Therapeutic hypnosis

This technique of relaxation and analgesia is particularly valuable in pain management.

We use it to relieve, or to distract from, pain.

 

"Hypnosis is a state of psychological functioning by which a patient, in relation with a practitioner, experiences a widened field of consciousness", explains Professor Antoine Bioy of the French Institute of Hypnosis (IFH) .

In other words, a hypnotized person finds himself in a state where his consciousness is partially dissociated from reality. We all experience it in a natural way when, on a familiar journey, we don't have a clear memory of our actions for the previous few tens of seconds. Have I locked my door properly? Was the last light green?

 

In the dental office, hypnosis can fulfill several tasks: it can reinforce local anesthesia, or replace it for people suffering from allergies to anesthetic products. It can also relieve anxiety in phobic patients, for whom stress amplifies the painful sensation. Finally, hypnotic support can help reduce medication intake after procedures.

 

Children are particularly receptive to hypnosis. For them, it's like a game, and they lend themselves to exercise without any problem. But the skepticism of some patients with regard to hypnosis does not define their response to the techniques. Most people are sensitive to it, as long as they put a little willpower into it.

Several techniques exist, some very simple such as the use of a soft and monotonous voice. Others are more elaborate: direct suggestions of analgesia - by generating the idea of ​​cold or numbness -, geographical and temporal distancing - by encouraging the patient to imagine himself in a familiar and soothing place - , or of distraction by confusion, surprise or saturation of information.

It is a completely normal mode of functioning of human consciousness, increasingly studied in neuroscience. It is a natural state of consciousness just like the attentive consciousness that we use in our daily life. It's a natural way to use your mind, a way of thinking that's more of directed reverie than reasoning.

Hypnosis is used in many areas of the medical industry.

At the dental level, it can be used in the context of care:

- Management of phobias (anesthesia, noises, smells, negative previous experiences ...)

- Nausea reflex

- Surgery, implantology, periodontology

  • Acute and post-operative pain management

  • Control of bleeding, salivation

  • Improved wound healing

 

How do you use Hypnosis?

There are many ways to use hypnosis.

It can be formal or conversational:

 

Formal hypnosis will lead to a more or less deep hypnotic state through an induction process followed by suggestions which will deepen the hypnotic trance.

At some point, we start by performing an induction.

Several are possible (bodily relaxation, focusing the patient's attention, working with a pleasant experience or an interior safe-place, etc.) then, when the induction is over and the patient is in a light hypnotic trance, the caregiver goes deepen this state to a level suitable for the treatment to be performed.

 

Conversational hypnosis occurs during a discussion between the patient and the practitioner.
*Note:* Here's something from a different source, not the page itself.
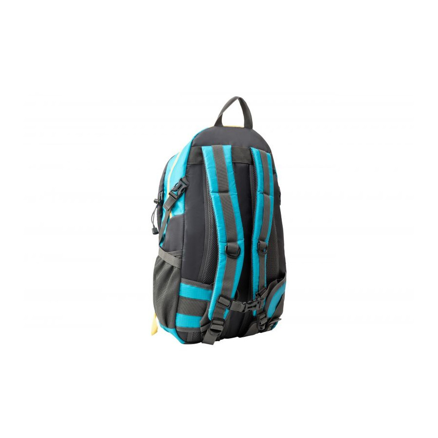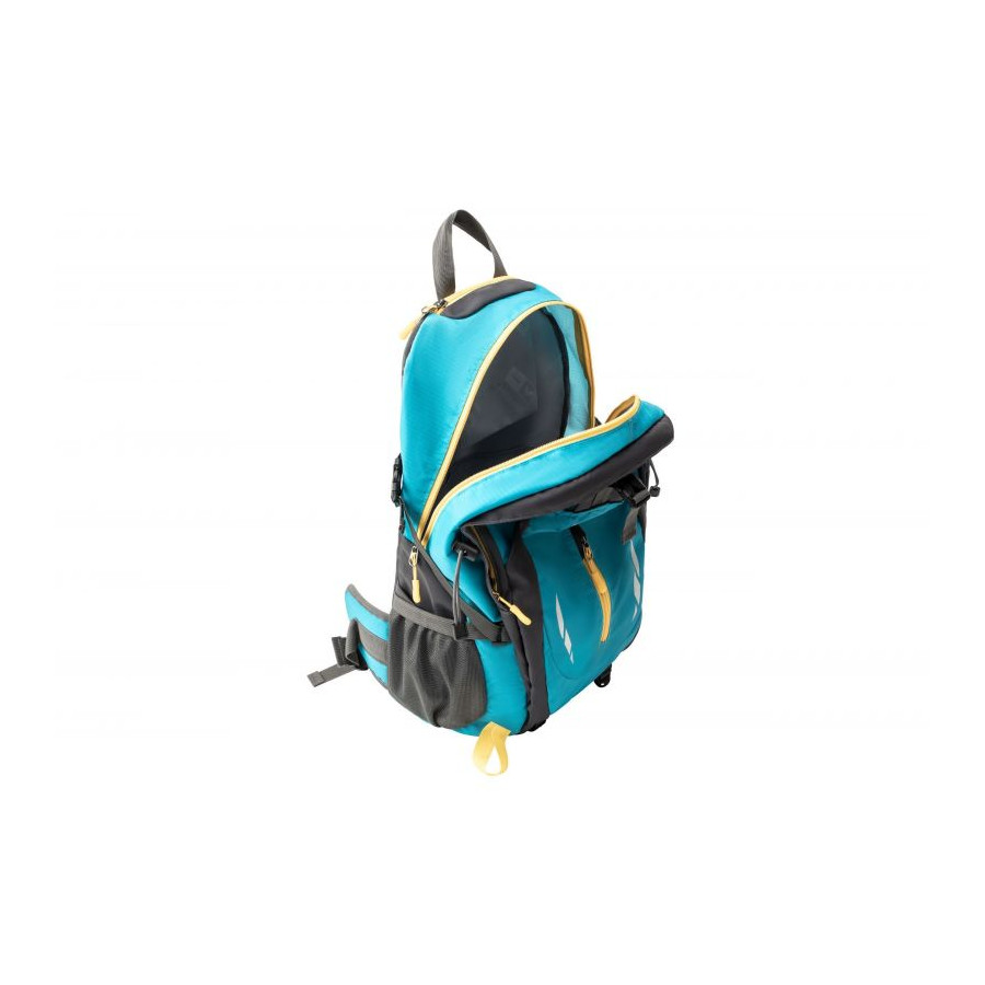 Plecak wykonany został z poliestru o dwóch gęstościach, w efekcie czego jego konstrukcja jest odporna na uszkodzenia mechaniczne i łatwa w czyszczeniu. Do dyspozycji masz wiele łatwo dostępnych kieszeni i przegródek, w których możesz dogodnie rozmieścić cały Twój ekwipunek. Bidony z piciem włożyć możesz do bocznych kieszeni, a drobiazgi potrzebne pod ręką do frontowej kieszonki zapinanej na suwak. Przednia kieszeń zapinana za pomocą klamry może służyć jako schowek na okrycie wierzchnie.

There is no real induction.

Through his speech, we bring the patient to a more or less deep trance using specific techniques of verbal and non-verbal communication.
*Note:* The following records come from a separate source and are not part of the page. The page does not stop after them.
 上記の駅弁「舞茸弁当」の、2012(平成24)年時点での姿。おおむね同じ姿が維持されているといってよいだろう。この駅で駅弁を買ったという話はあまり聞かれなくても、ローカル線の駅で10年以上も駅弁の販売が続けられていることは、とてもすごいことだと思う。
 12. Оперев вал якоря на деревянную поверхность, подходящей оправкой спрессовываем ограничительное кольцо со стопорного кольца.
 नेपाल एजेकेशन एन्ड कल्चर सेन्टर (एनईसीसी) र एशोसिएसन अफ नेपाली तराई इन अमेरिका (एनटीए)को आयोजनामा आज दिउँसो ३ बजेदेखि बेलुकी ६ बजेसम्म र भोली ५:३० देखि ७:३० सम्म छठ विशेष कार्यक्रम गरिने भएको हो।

This method is particularly effective in everyday work.

The speed of implementation is one of the major assets of conversational hypnosis.

 

Does it work for everyone?

Yes! Since it is a natural state of consciousness that accompanies the imaginary functioning of the human being. Everyone does hypnosis or self-hypnosis without knowing it.

And, no .... Since the patient's trust must first be established in the caregiver / patient relationship.

 

In the medical or dental context or in intensive care, the patient is often so trapped by his sensations and his morbid imagination that he is quite ready to follow the practitioner in a hypnosis of comfort and relief, provided that a relationship of trust is established.

 

Is it a sleep?

No! The person appears to be asleep, there is less movement of the body and the person usually has their eyes closed. However, it is an intense work of interiorization.

 

As for the hypnosis shows, they play on the credulity of the spectators, and have nothing to do with medical hypnosis!